┌────────
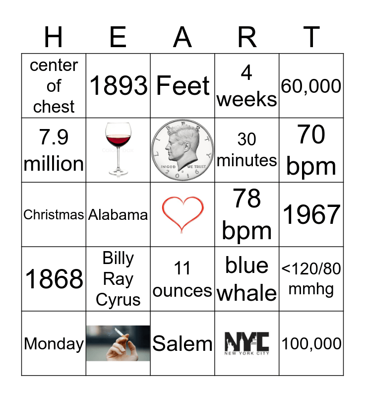 This bingo card has 5 images, a free space and 23 words: 60,000, center of chest, Salem, 78 bpm, <120/80 mmhg, Christmas, Alabama, blue whale, 100,000, 7.9 million, 735,000, 11 ounces, 4 weeks, 70 bpm, Monday, 1893, Toni Braxton, 30 minutes, 1967, 1868, Billy Ray Cyrus, Feet and men.
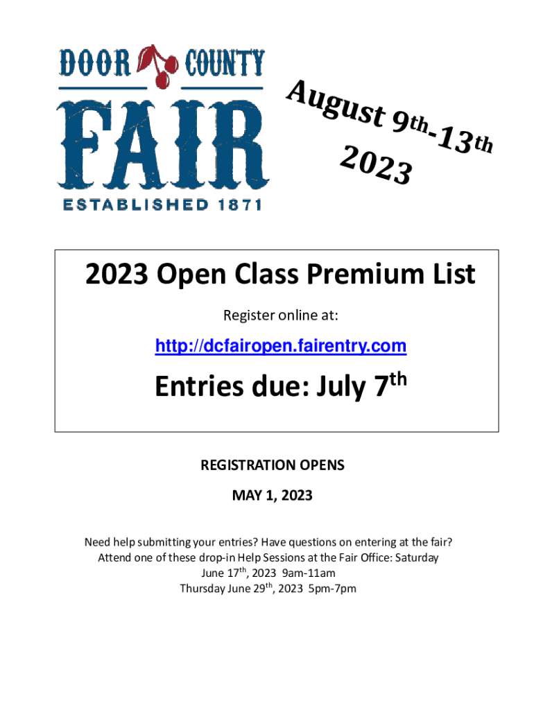 2023 Open Class Premium List Register online at:http://dcfairopen.fairentry.comEntries due: July 7th REGISTRATION OPENS MAY 1, 2023, Need help submitting your entries? Have questions on entering at
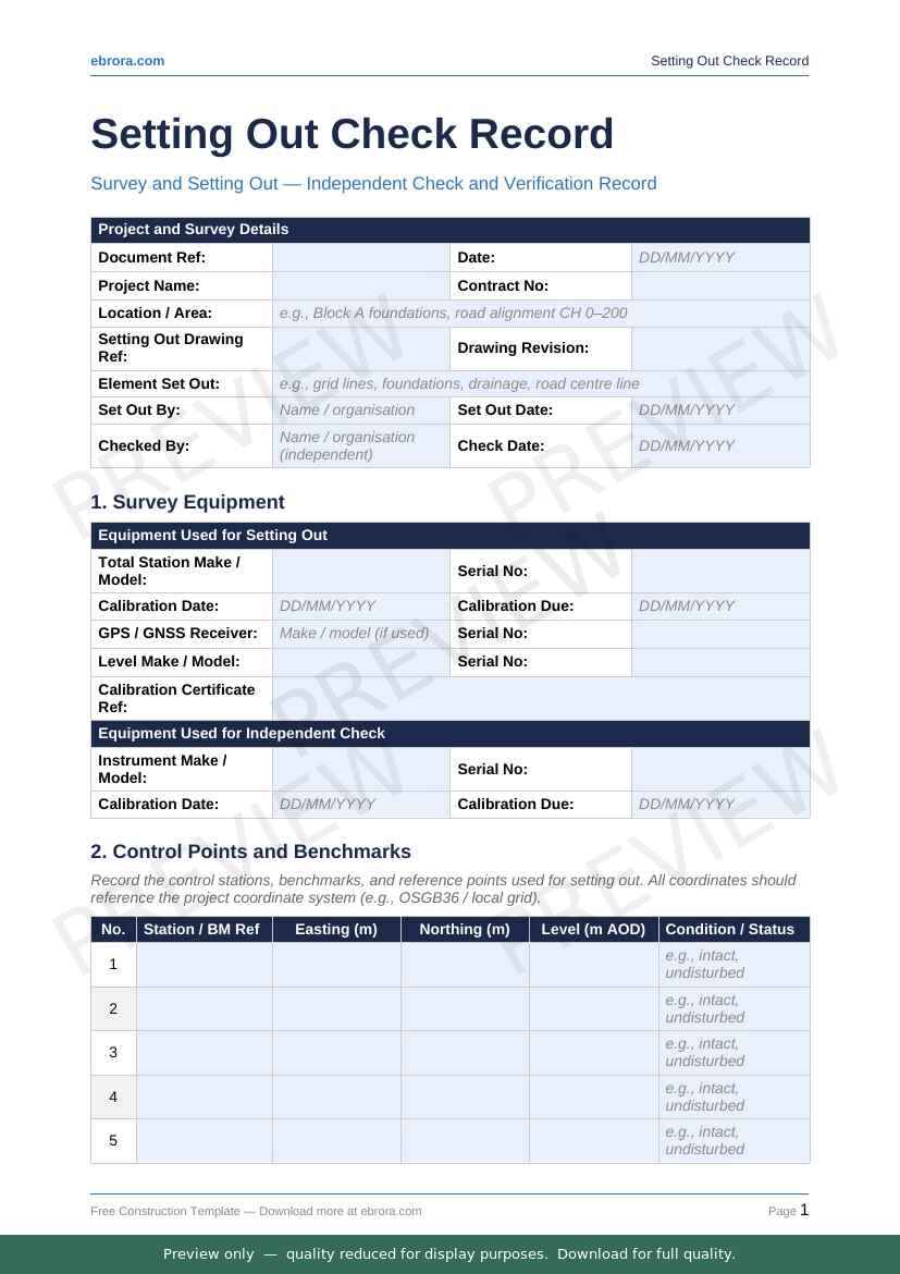 Free Word template: Setting Out Check Record. Download for UK construction sites.
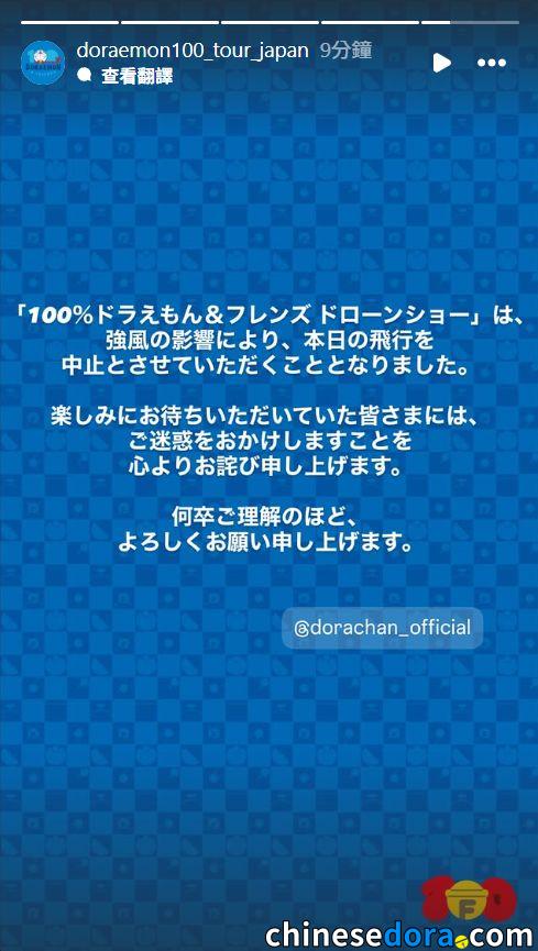 距離日本「100% DORAEMON & FRIENDS 無人機匯演」東京第二回上演時間不足 2 小時,主辦單位突發宣佈系統出現故障,正在確認能否如常舉行。(追記:日本時間下午 5 時 58 分最新宣佈確定如常舉行)
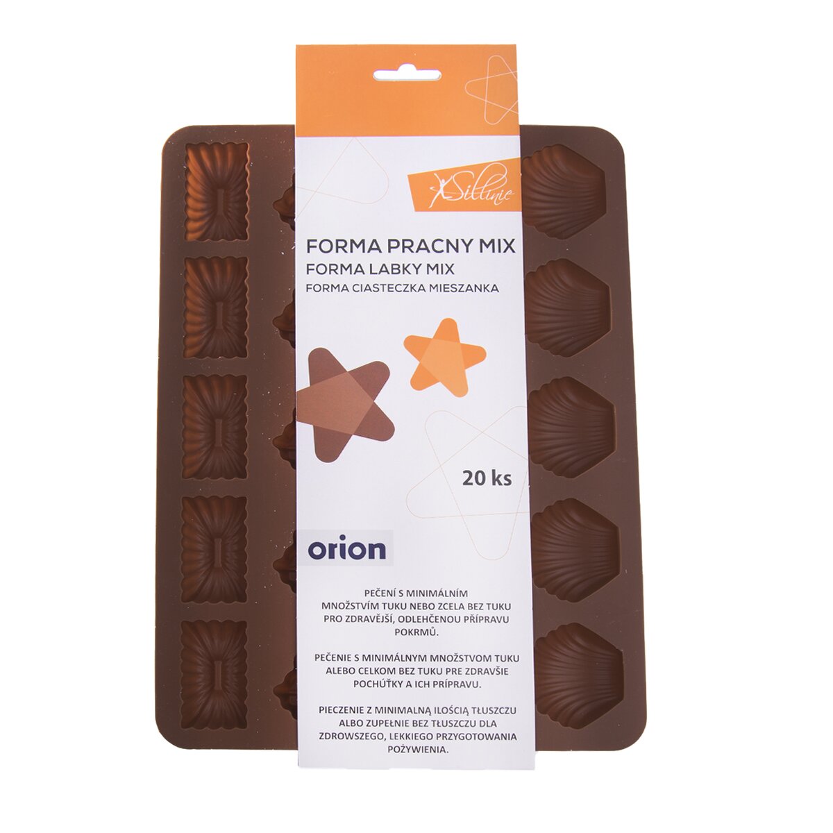 Kód produktu 111577Sušienky 20 ks, rozmery (šxhxv): 28,5x21x1,5 cm.Silikónové formy sú ľahké a nepriľnavé, cesto sa v nich nepripeká, nepreberajú pachy z potravín. Odolné teplotám od -40 °C do +220 °C. Ľahké umývanie v umývačke riadu, sú veľmi skladné.
└────────
What is being asked
Without including any picture, reproduce the material above word for word.

The answer
 This bingo card has 5 images, a free space and 23 words: 60,000, center of chest, Salem, 78 bpm, <120/80 mmhg, Christmas, Alabama, blue whale, 100,000, 7.9 million, 735,000, 11 ounces, 4 weeks, 70 bpm, Monday, 1893, Toni Braxton, 30 minutes, 1967, 1868, Billy Ray Cyrus, Feet and men.
 2023 Open Class Premium List Register online at:http://dcfairopen.fairentry.comEntries due: July 7th REGISTRATION OPENS MAY 1, 2023, Need help submitting your entries? Have questions on entering at
 Free Word template: Setting Out Check Record. Download for UK construction sites.
 距離日本「100% DORAEMON & FRIENDS 無人機匯演」東京第二回上演時間不足 2 小時,主辦單位突發宣佈系統出現故障,正在確認能否如常舉行。(追記:日本時間下午 5 時 58 分最新宣佈確定如常舉行)
 Kód produktu 111577Sušienky 20 ks, rozmery (šxhxv): 28,5x21x1,5 cm.Silikónové formy sú ľahké a nepriľnavé, cesto sa v nich nepripeká, nepreberajú pachy z potravín. Odolné teplotám od -40 °C do +220 °C. Ľahké umývanie v umývačke riadu, sú veľmi skladné.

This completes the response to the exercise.